■ **Task prompt**: Pictures stay out; print the rest of the listing below exactly as it stands.

■ **Material provided**:

Start of Block

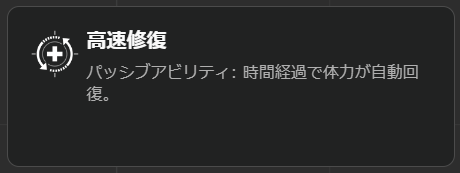 パッシブアビリティは高速修復で時間経過で体力を自動回復することができます。
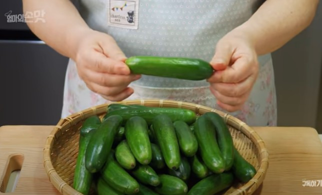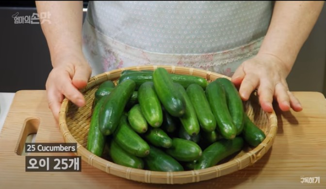 미니 오이 25개를 준비한 후, 흐르는 물에 깨끗하게 씻고, 물기를 잘 빼두세요.
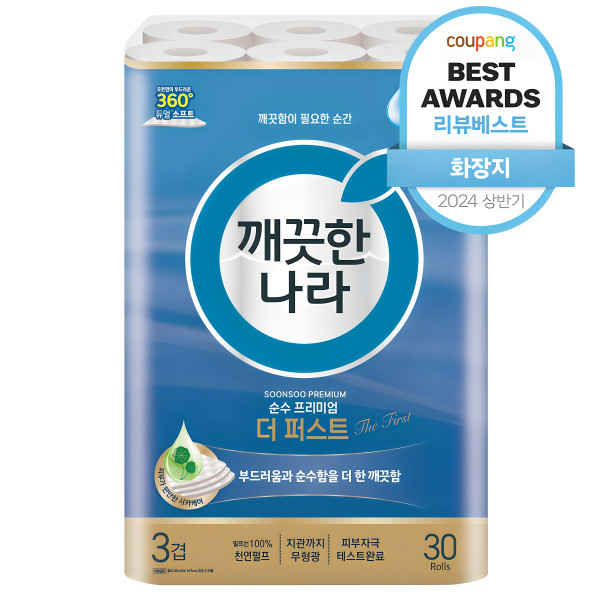 깨끗한나라 순수 프리미엄 더 퍼스트 천연펄프 3겹 고급롤화장지, 30m, 30개입, 1개 구경하러가기

End of Block

■ **Answer section**:
 パッシブアビリティは高速修復で時間経過で体力を自動回復することができます。
 미니 오이 25개를 준비한 후, 흐르는 물에 깨끗하게 씻고, 물기를 잘 빼두세요.
 깨끗한나라 순수 프리미엄 더 퍼스트 천연펄프 3겹 고급롤화장지, 30m, 30개입, 1개 구경하러가기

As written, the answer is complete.